» **Provided entries**
_ _ _ _
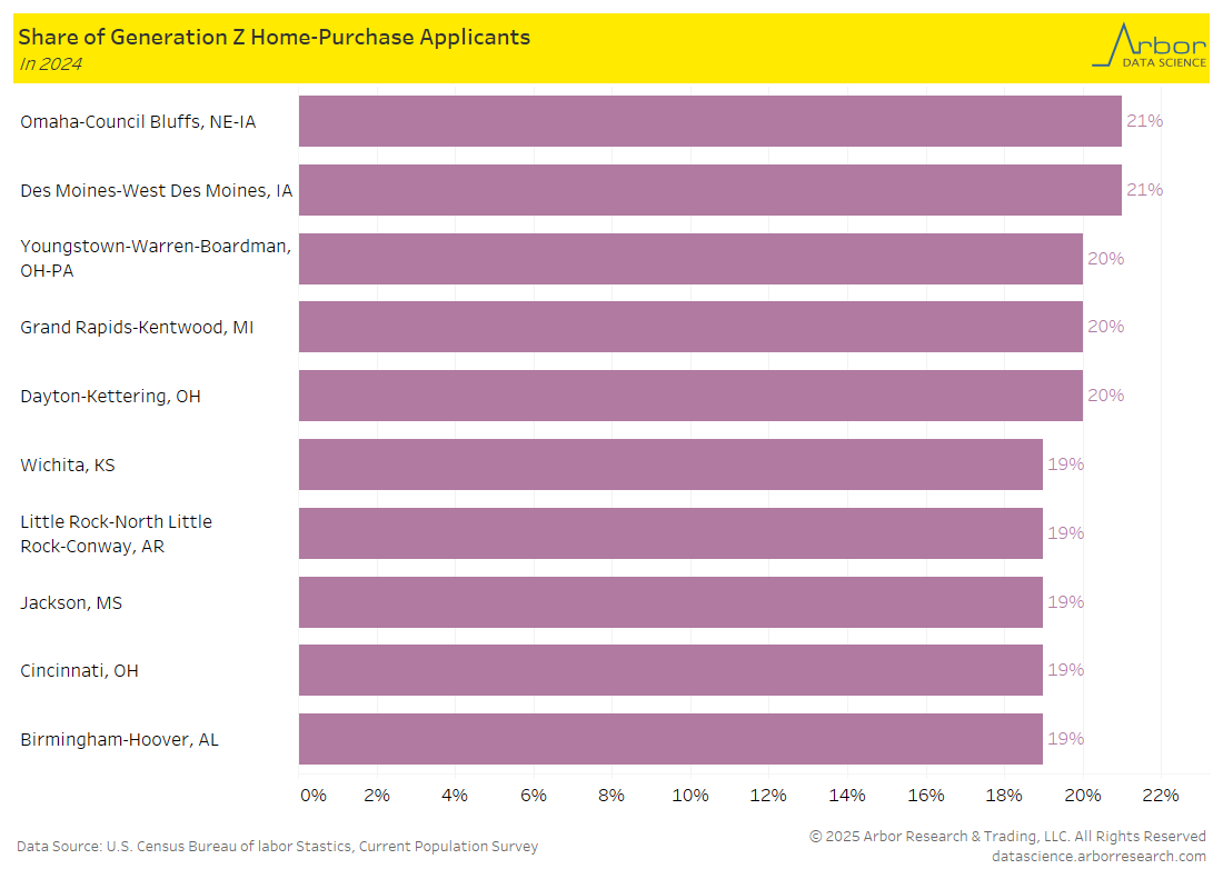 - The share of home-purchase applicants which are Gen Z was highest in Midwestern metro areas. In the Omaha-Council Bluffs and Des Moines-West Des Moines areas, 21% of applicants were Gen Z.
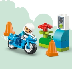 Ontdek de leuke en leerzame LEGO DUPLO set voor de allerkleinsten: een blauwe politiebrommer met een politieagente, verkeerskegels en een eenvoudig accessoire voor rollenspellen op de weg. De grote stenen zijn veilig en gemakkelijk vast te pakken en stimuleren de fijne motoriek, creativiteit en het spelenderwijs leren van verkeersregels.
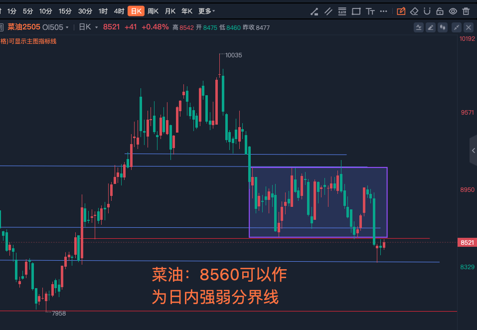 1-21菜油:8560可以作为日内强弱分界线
_ _ _ _
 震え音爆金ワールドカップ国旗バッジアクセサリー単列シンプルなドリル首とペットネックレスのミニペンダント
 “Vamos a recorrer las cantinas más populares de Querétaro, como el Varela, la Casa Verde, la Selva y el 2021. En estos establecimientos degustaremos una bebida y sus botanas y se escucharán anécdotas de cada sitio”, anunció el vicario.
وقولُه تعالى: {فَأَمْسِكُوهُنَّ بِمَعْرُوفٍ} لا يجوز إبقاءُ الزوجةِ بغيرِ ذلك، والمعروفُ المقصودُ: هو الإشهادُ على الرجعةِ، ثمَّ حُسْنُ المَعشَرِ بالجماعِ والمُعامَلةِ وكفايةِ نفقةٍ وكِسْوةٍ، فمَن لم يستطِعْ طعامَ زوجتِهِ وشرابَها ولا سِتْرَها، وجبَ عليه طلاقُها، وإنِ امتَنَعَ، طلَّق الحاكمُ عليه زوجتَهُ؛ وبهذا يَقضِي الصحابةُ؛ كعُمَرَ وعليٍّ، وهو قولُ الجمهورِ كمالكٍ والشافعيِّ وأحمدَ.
_ _ _ _
» **Task to complete**
From the records above, print exactly the lines that run from the line with "anunció el vicario." to the line with "كمالكٍ والشافعيِّ وأحمدَ.", inclusive.

» **Response to the task**
 “Vamos a recorrer las cantinas más populares de Querétaro, como el Varela, la Casa Verde, la Selva y el 2021. En estos establecimientos degustaremos una bebida y sus botanas y se escucharán anécdotas de cada sitio”, anunció el vicario.
وقولُه تعالى: {فَأَمْسِكُوهُنَّ بِمَعْرُوفٍ} لا يجوز إبقاءُ الزوجةِ بغيرِ ذلك، والمعروفُ المقصودُ: هو الإشهادُ على الرجعةِ، ثمَّ حُسْنُ المَعشَرِ بالجماعِ والمُعامَلةِ وكفايةِ نفقةٍ وكِسْوةٍ، فمَن لم يستطِعْ طعامَ زوجتِهِ وشرابَها ولا سِتْرَها، وجبَ عليه طلاقُها، وإنِ امتَنَعَ، طلَّق الحاكمُ عليه زوجتَهُ؛ وبهذا يَقضِي الصحابةُ؛ كعُمَرَ وعليٍّ، وهو قولُ الجمهورِ كمالكٍ والشافعيِّ وأحمدَ.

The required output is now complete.